6 ways to get mentally fit for everyday life

6 ways to get mentally fit for everyday life

14 September 2022

With many of us back to the workplace or hybrid working while the world opens up post pandemic, a study shows that 49% of adults aren’t entirely comfortable with a return to social interactions1. Here’s how to get yourself mentally ready...

1. Take small steps

With sporting, theatre and music events back on track - depending on where you are in the world – it’s natural to have concerns about a return to the wider world, so it’s important to be mindful of going from one extreme to the other. Taking yourself from a situation where it was you and perhaps your immediate family to being in the centre of a crowd of hundreds or even thousands, might not be the best way to manage your mental well-being.

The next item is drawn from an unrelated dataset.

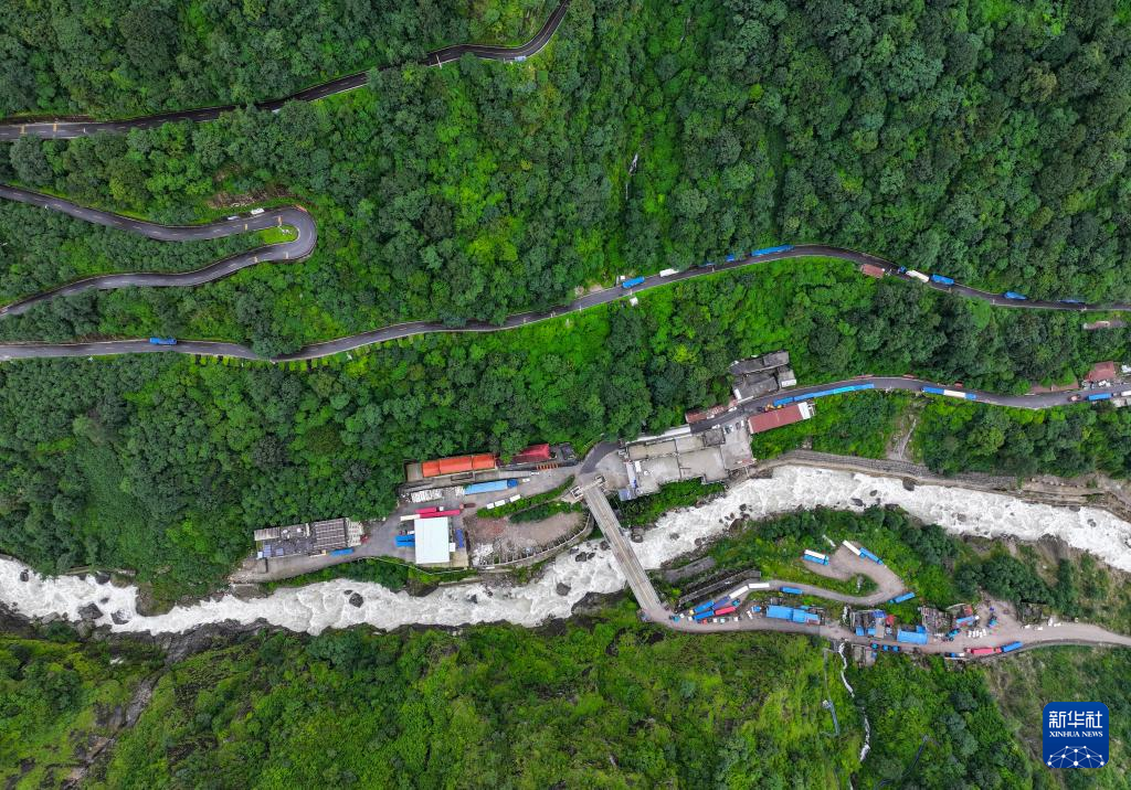 俯瞰樟木口岸的中尼友誼橋和通向樟木鎮(zhèn)的盤山公路(無人機照片,9月9日攝)。新華社記者 姜帆 攝

Start slowly. It could be as simple as putting yourself in a social situation once a week at first, then adding events in order to build up slowly, gradually increasing both the time spent socialising and the frequency of those interactions.

2. Start a new routine

Car keys? Check. Hand sanitizer? Check. Face mask? Check. Not all of the routines we’ve developed during the COVID-19 pandemic should be abandoned, just adapted, and added to general routines for personal health and safety. Regularly washing your hands for a minimum of 20 seconds, sanitizing and wearing your face mask on public transport are all routines that you’ll have seen in some countries even before the pandemic, and will now become part of our everyday. And it’s not just for reasons of physical safety that they’re good for you, they become a source of reassurance when you’re in social situations and, in becoming second nature, allow you to spend less time thinking about the pandemic or infection because you automatically know you’ve armed yourself as best you can.

3. Assess the situation

When people talk about getting the best tables in restaurants, they will often advise booking a Tuesday lunchtime, rather than a busy Friday. The end result is the same, the best food, but without the crowds. You can apply this logic to your everyday so that you’re going into social situations where there are likely to be fewer people. Even if you’re going to a popular restaurant or bar, by tweaking the time you meet up by an hour, either earlier or later, or switching to a different day in the same week, you’re not compromising on your experience, but you are putting yourself in a situation which you know you’ll find mentally more manageable.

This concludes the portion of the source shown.